= Jorge Corsi =

Argentine psychologist

Jorge Corsi (born 1948) is an Argentine psychologist who was considered one of the highest authorities in the subject of domestic violence in Argentina and Spain until he lost his prestige due to being arrested and later sentenced to prison on child sexual abuse charges. In a 2009 interview he famously stated "paedophilia is not a crime."

==Academic career==
Corsi was Professor of Short Psychotherapies at University of Palermo, President of Argentine Association of Family Violence Prevention and the director of graduate career in Family Violence at University of Buenos Aires from 1989 to 2008, time of his 'preventive' suspension. In Spain he was Professor of the Domestic Violence interdisciplinary master program at University of Barcelona. Corsi imparted courses and seminaries around the world on male violence, where he defined that only men are capable of gender violence.

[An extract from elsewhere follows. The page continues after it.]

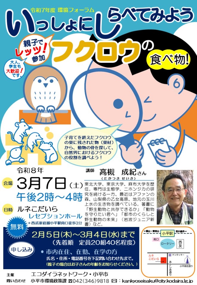 まだまだ募集中!【環境フォーラム】いっしょにしらべてみよう フクロウの食べ物
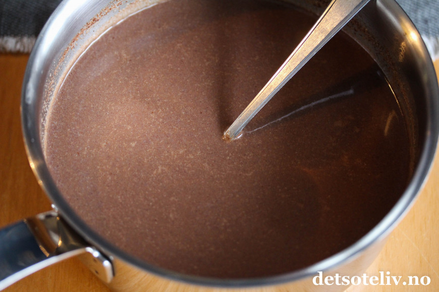 ♥ Bruk sterk og god kaffe. Jeg brukte 2 ts kaffepulver i 3 dl kokende vann, som ga nydelig smak på sjokoladekaffen. God espresso eller traktekaffe kan selvsagt også brukes.

The countries in which he delivered his classes include Chile, Uruguay, Nicaragua, Dominican Republic, Mexico, United States, Canada and Germany. He was also a prominent consultant for Argentine state courts.

==Sentence==
Corsi was found guilty of integrating a pederasty band who abused underage boys and adolescents. He recorded his abuses on camera to upload the videos on the Internet, and was accused of being the leader of the group. In 2008 he had been previously imprisoned for six months in the federal prison of Marcos Paz but was released after paying a AR$100,000 penalty bond. In 2012 he was finally sentenced to serve three years in prison after a shortened trial, and was released in 2014. At the time of his sentence he had been scrutinized by the Spanish National Police because of a possible connection with a local pederasty network. As of 2017 he was working as a private passenger driver. He never attempted to return to the academic milieu.

==Books==
- Violencia Familiar, Paidós
- Violencia masculina en la pareja
- Maltrato y Abuso en el ámbito doméstico, Paidós
- Violencias Sociales, Editorial Paidós
- Psicoterapia integrativa multidimensional, Paidós

After his abuses were made public his books were immediately removed from circulation.